Items listed in a dataset

——————

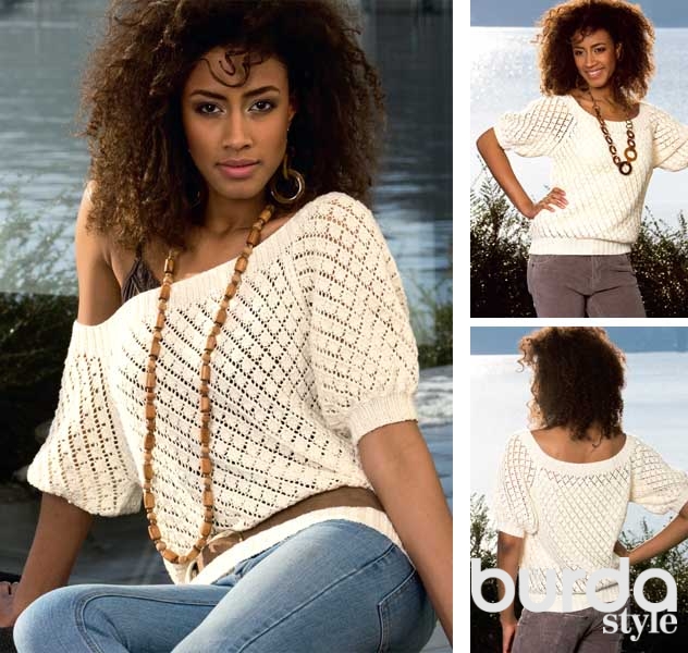 Воздушный и легкий, из хлопковой пряжи с добавлением волокон бамбука, этот пуловер связан на очень тонких спицах.
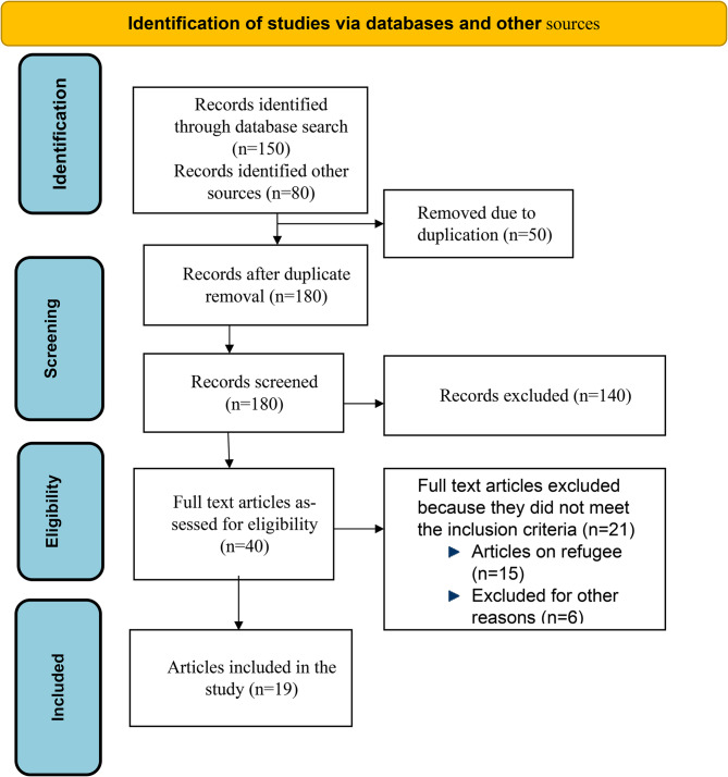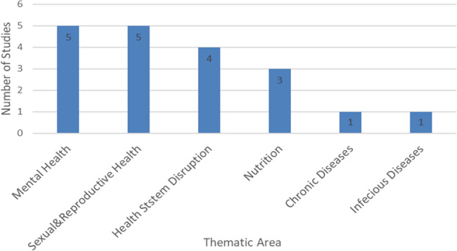 Results: Of 230 identified, 19 studies met the inclusion criteria. The studies addressed six thematic areas. Maternal and reproductive health (n = 5), mental health (n = 5), health system disruption (n = 4), nutrition (n = 4), chronic diseases (n = 2), and malaria outbreak (n = 1). Health system disruption (51%), gender-based violence (40%), post-traumatic stress disorder (40%), depression (66.5%), anxiety (63%), chronic diseases treatment disruption (80%), and malaria outbreak; 26.5/1000 attack rate and 43% slide positive rate were key findings.
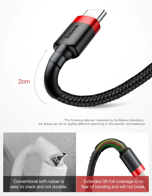 Baseus USB Type C Cable for Samsung S10 S9 Quick Charge 3.0 Cable USB C Fast Charging for Huawei P30 Xiaomi USB-C Charger Wire
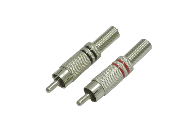 Разъем RCA (штекер) Металл под пайку черный/красный для соединения кабелей с видео и аудиоаппаратурой. Установка провода в разъеме производится с помощью пайки (центральная жила - пайка, а оплетка - обжимается). Разъём оснащен специальным металлическим никелированным пружинным амортизатором кабеля, который позволяет кабелю гнуться только с безопасным радиусом изгиба. Для передачи стереозвука используется два тюльпана с черной и красной цветовой меткой, что позволяет идентифицировать левый или правый канал.
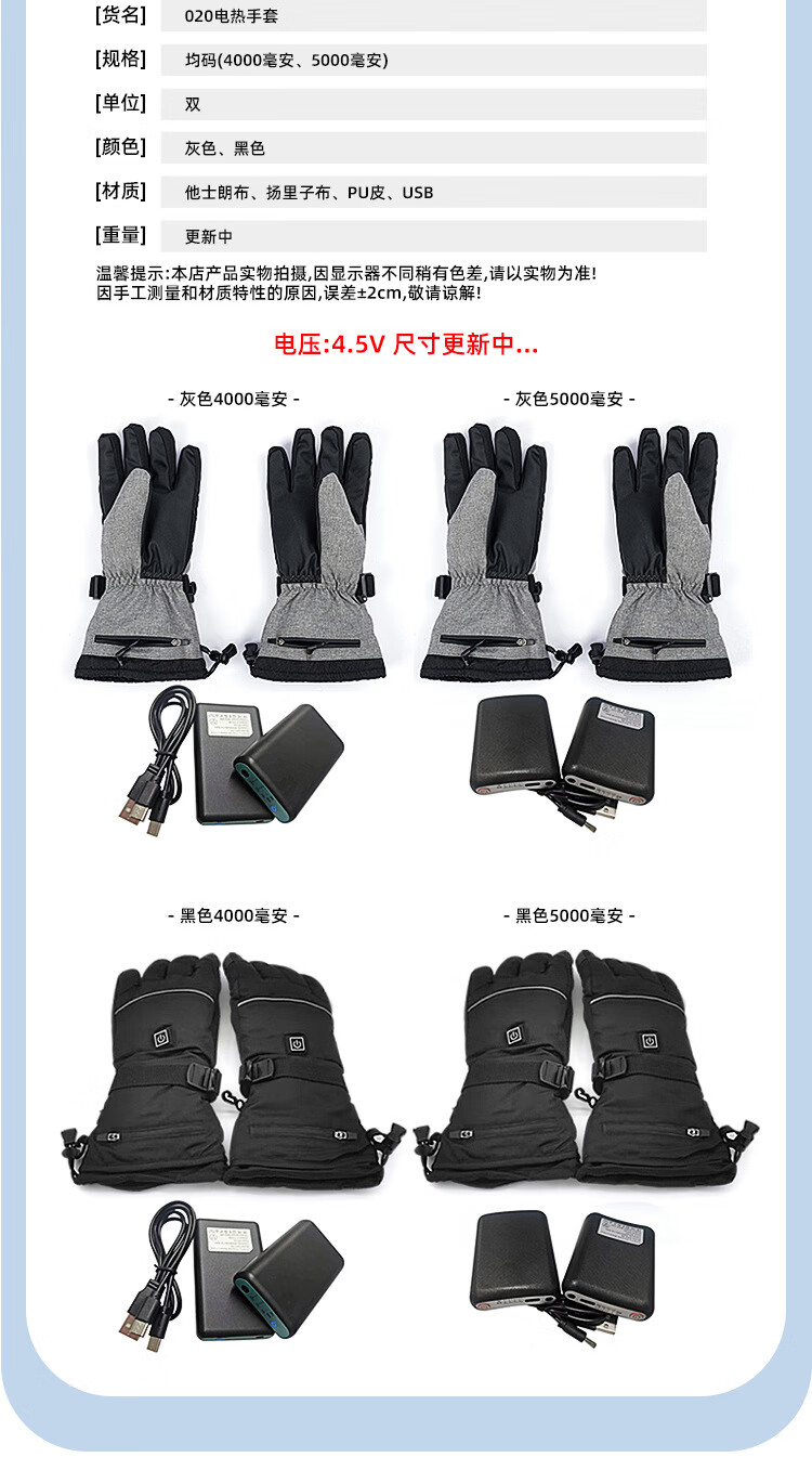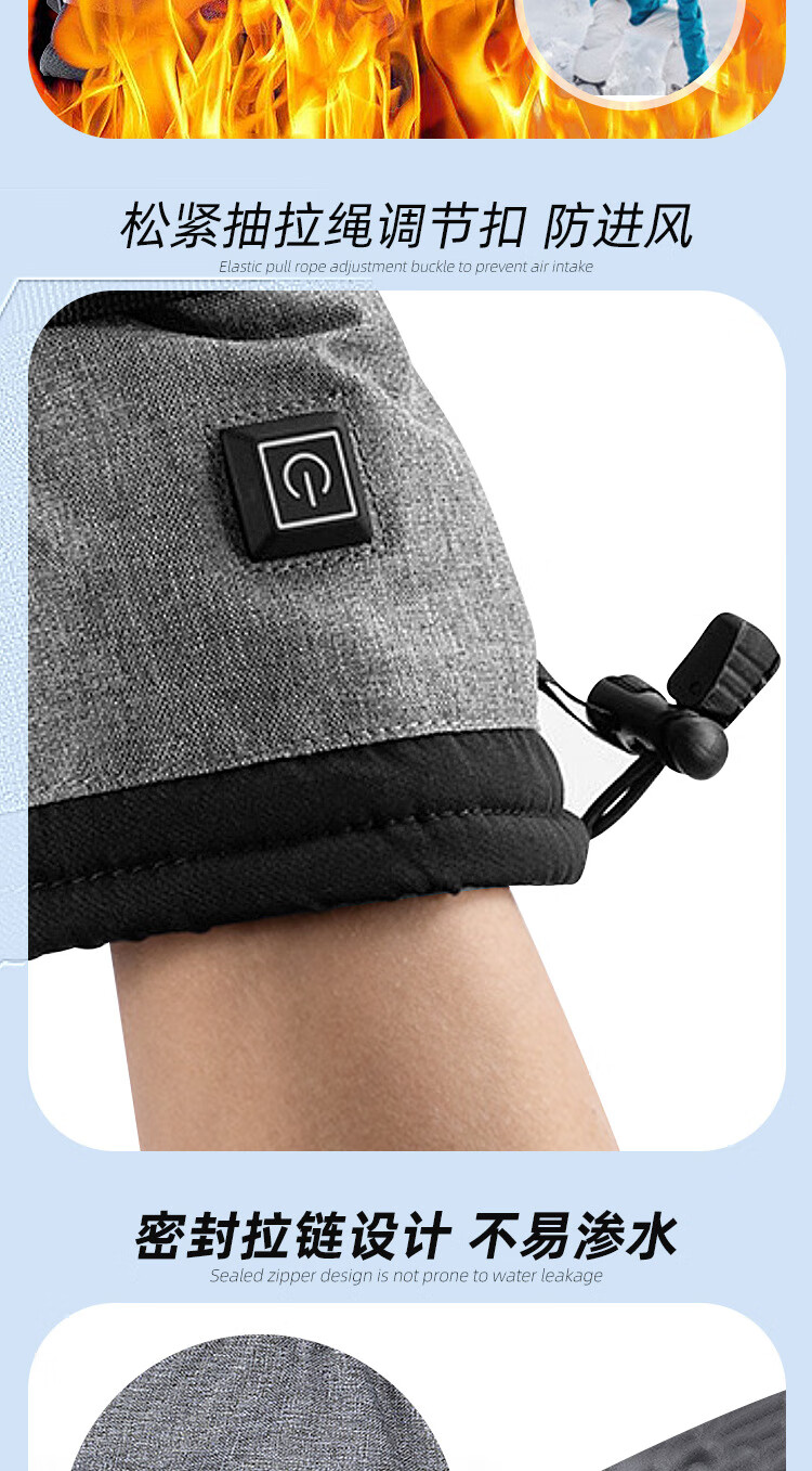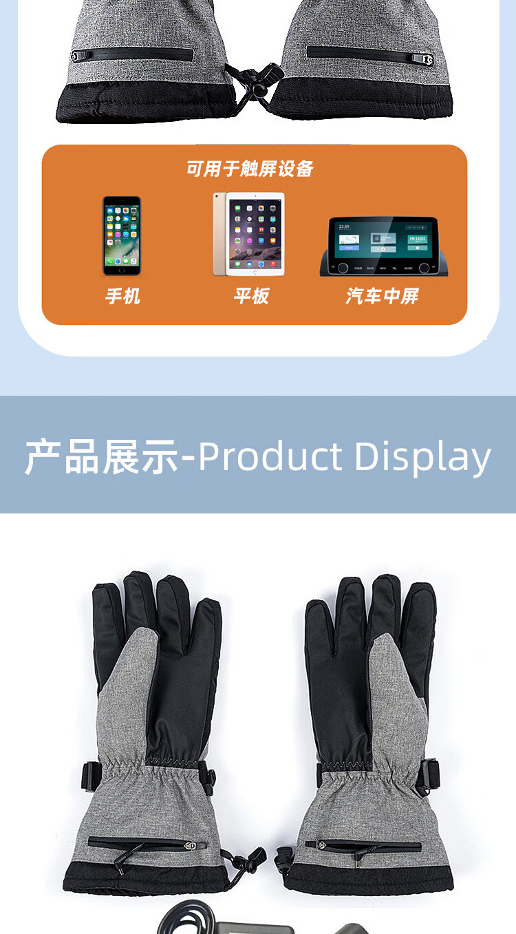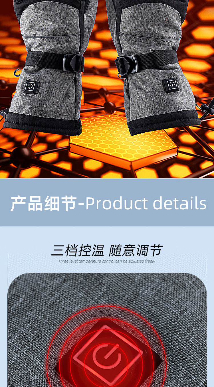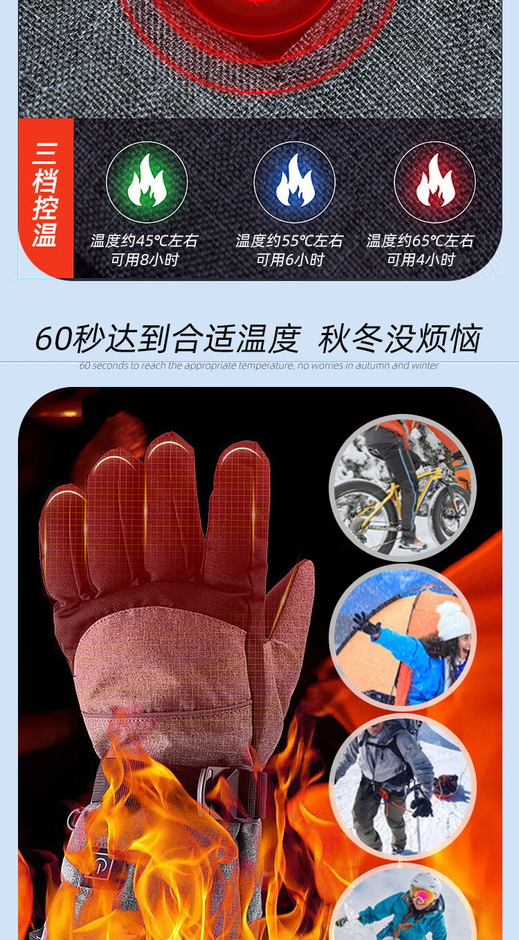 PICTURE法国进口智能三档控温电热冬季骑行保暖手套户外运动电加滑雪手套 黑色均码(5000毫安)

——————

Should there be pictures in the data, leave them out and return the rest exactly.

 Воздушный и легкий, из хлопковой пряжи с добавлением волокон бамбука, этот пуловер связан на очень тонких спицах.
 Results: Of 230 identified, 19 studies met the inclusion criteria. The studies addressed six thematic areas. Maternal and reproductive health (n = 5), mental health (n = 5), health system disruption (n = 4), nutrition (n = 4), chronic diseases (n = 2), and malaria outbreak (n = 1). Health system disruption (51%), gender-based violence (40%), post-traumatic stress disorder (40%), depression (66.5%), anxiety (63%), chronic diseases treatment disruption (80%), and malaria outbreak; 26.5/1000 attack rate and 43% slide positive rate were key findings.
 Baseus USB Type C Cable for Samsung S10 S9 Quick Charge 3.0 Cable USB C Fast Charging for Huawei P30 Xiaomi USB-C Charger Wire
 Разъем RCA (штекер) Металл под пайку черный/красный для соединения кабелей с видео и аудиоаппаратурой. Установка провода в разъеме производится с помощью пайки (центральная жила - пайка, а оплетка - обжимается). Разъём оснащен специальным металлическим никелированным пружинным амортизатором кабеля, который позволяет кабелю гнуться только с безопасным радиусом изгиба. Для передачи стереозвука используется два тюльпана с черной и красной цветовой меткой, что позволяет идентифицировать левый или правый канал.
 PICTURE法国进口智能三档控温电热冬季骑行保暖手套户外运动电加滑雪手套 黑色均码(5000毫安)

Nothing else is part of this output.